The 1943 Election: A Disaster for Hague
In 1943, Hague tried to recruit Moore for yet another term as governor, but Moore declined to continue running for public office, much to his dismay. Instead, Newark Mayor Vincent J. Murphy was the nominee, but he was up against someone who had done the job before: Walter Edge. Although Hudson County voted the strongest for Murphy of all counties, it was not enough, and Edge won the election by 11 points. Governor Edge proceeded to combat the Hague machine through his attorney general, Walter Van Riper, who initiated raids on a source of revenue for the Hague machine: protected horse race gambling establishments. Although Hague managed to get Van Riper indicted on trumped-up corruption charges, he was acquitted at trial, and some of the witnesses against him had probably committed perjury (Fleming). Furthermore, the Edge Administration got voting machines installed in Hudson County to crack down on fraud. However, Hague was, as mentioned in part I, quite skilled at getting turnout high without voter fraud, thus he and his machine were still able to win elections. However, a factor that had helped him win elections had started to chip away at his machine’s power: ethnicity. Hague’s rise was the rise of Irish Catholic voters, but Jersey City’s population was getting more and more Italian and Polish Catholics, and their general lack of representation in the machine was a sore spot. Another problem was that Hague was spending less time in Jersey City and more time in Florida, meaning that his deputy was increasingly serving as his mouthpiece; not quite the threat of Hague being there personally. Worse yet, the number of positions appointed by the governor that he had power over was declining since the longer he didn’t call the shots, the more people who were independent of him were appointed as the terms of his people expired. In 1946, yet another governor was elected who could not be counted on to supply patronage in Republican Alfred Driscoll, who would also succeed where Edison could not in getting the New Jersey Constitution updated, and this included replacing the New Jersey Court of Errors and Appeals with the New Jersey Supreme Court. On June 4, 1947, Hague resigned, having his nephew Frank Hague Eggers take his place. However, it was soon clear that Eggers was taking orders from Hague; Hague had racked up massive phone bills for his calls from Florida to New Jersey. Thus, he was still essentially acting as mayor, much of the time doing so from Florida.

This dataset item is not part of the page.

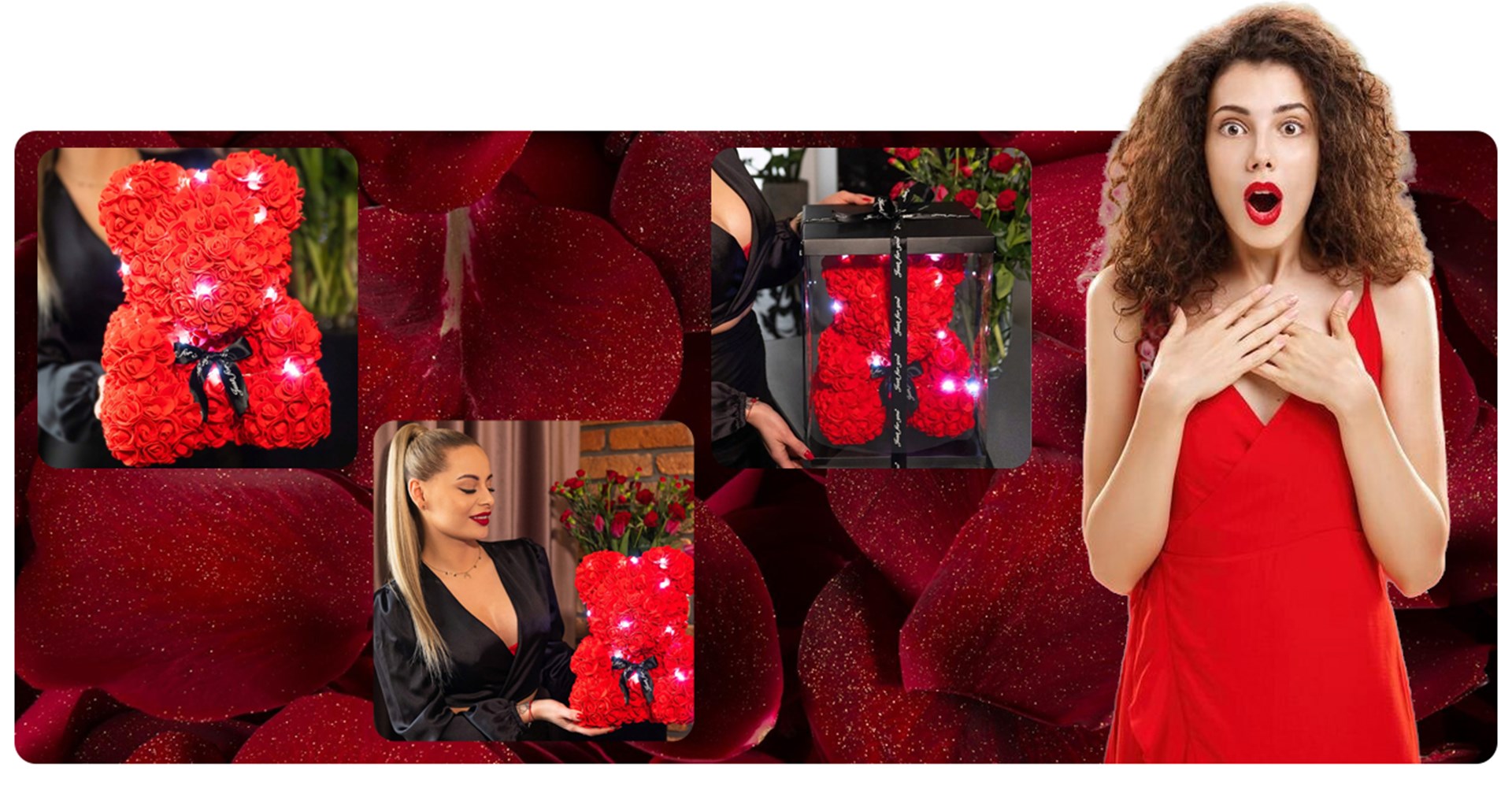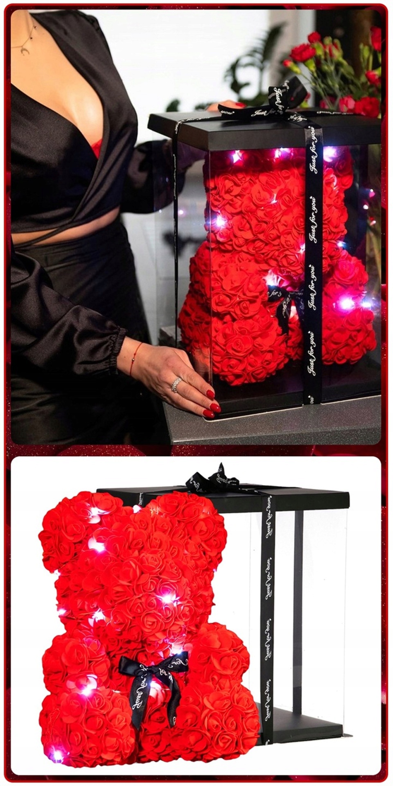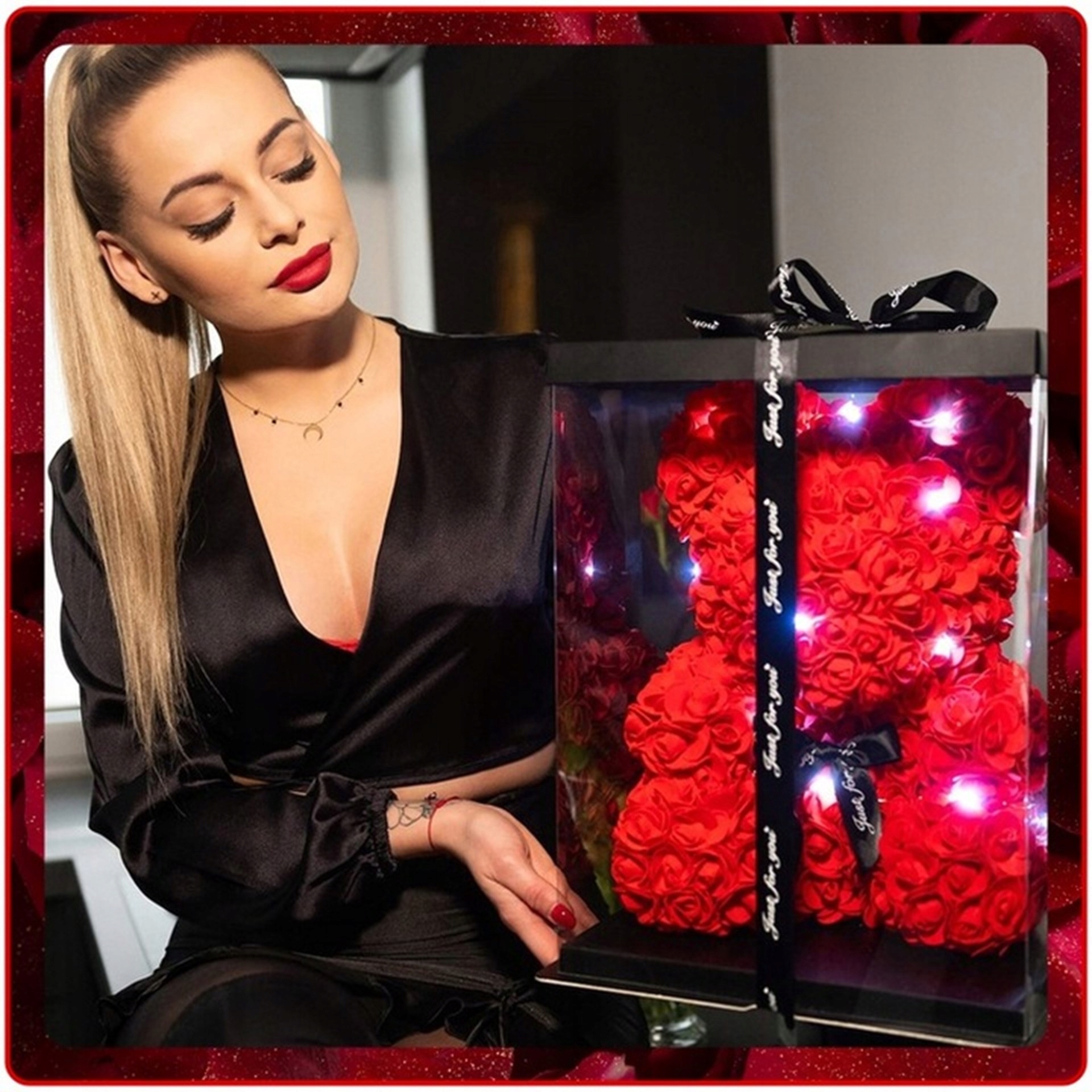 Наші плюшевий ведмедик з пелюстків троянд бренд springos®, також називається "трояндова плюшева" , освітлена тонким світлом світлодіодів, це варіант подарунка у винятковій версії,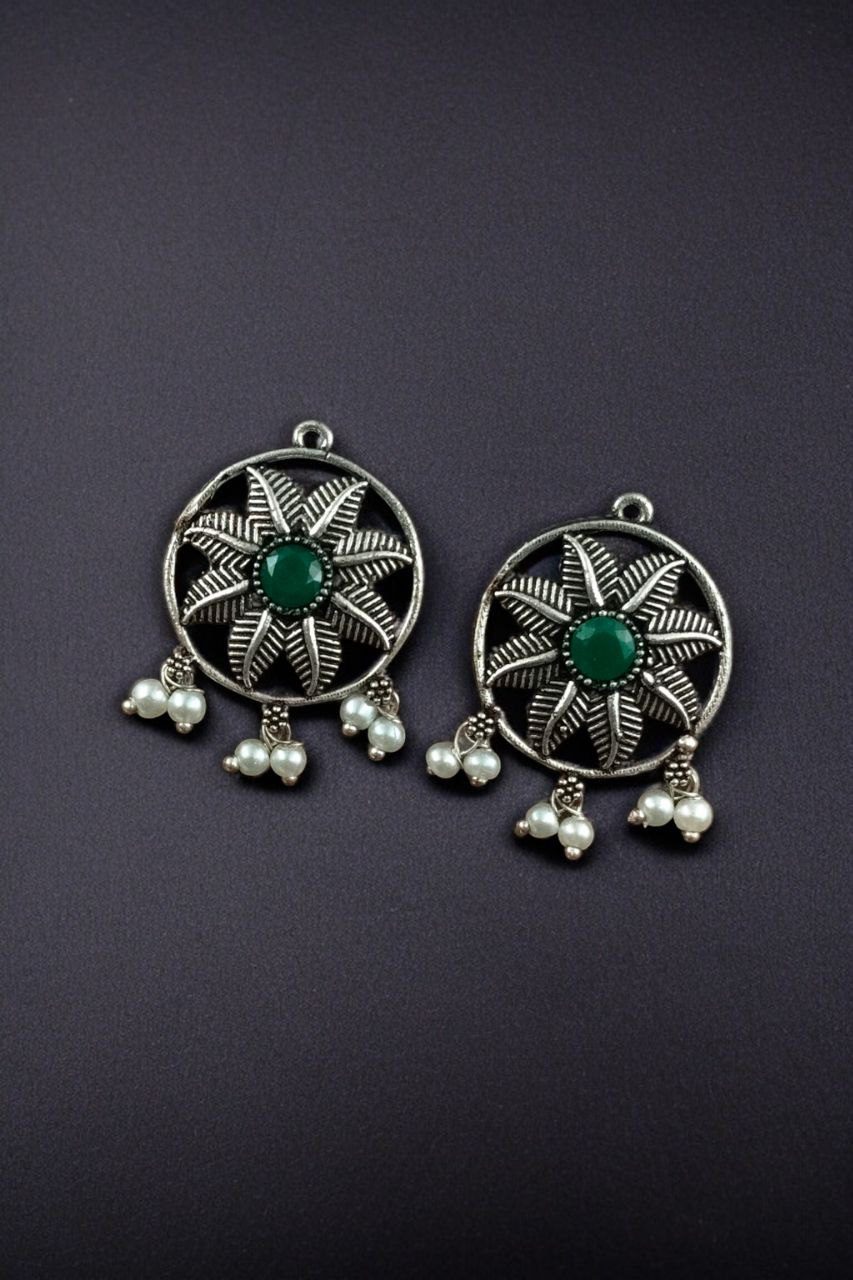Green Gorgeous Designer Rustic Round Flower Tops Silver Oxidized Earring Stud with Pearl Beads Drop for Girls

1949: The Year of Hague’s Waterloo, and The End
In the mayoral election, it was former ally John V. Kenny, the son of saloon owner Nat Kenny who had loaned Hague money for his first ever campaign, against Frank Hague Eggers. As mentioned earlier, Italian and Polish Catholics were out in the cold from the Hague machine, and Kenny took advantage of this development as well as money he received from Republican sources. A sign of Hague’s waning power was when at a campaign event Hague, his nephew, and others in his entourage were pelted by eggs by the crowd and while the others retreated, Hague stood and stared down the crowd when a man screamed at him “G’wan back to Florida!” and he in turn pointed at the man and shouted “Arrest that man!” (Fleming) However, the police officers present were not supportive of Hague, and thus did nothing, a marked contrast to Hague’s days of power in which police would indeed arrest, and probably work over, that man. Indeed, all those who had problems with Hague and his machine lined up behind Kenny, and he did win the election. Although you might think this a happy ending, it should also be noted that although the typical vote-buying practices were used by the Hague machine to try to hold on, the Kenny campaign also bribed voters, and crucially paid more per bribe at $15, $10 more than the going rate the Hague campaign was employing (Fleming). Kenny’s victory in truth was not one for good government, even if many of his supporters saw it that way, rather it replaced one corrupt regime for another. However, Hague still had numerous public officials behind him in Jersey City, thus he still had a lot of power behind the scenes. The best way Hague could reaffirm his power at this point was to secure the election of a Democratic governor.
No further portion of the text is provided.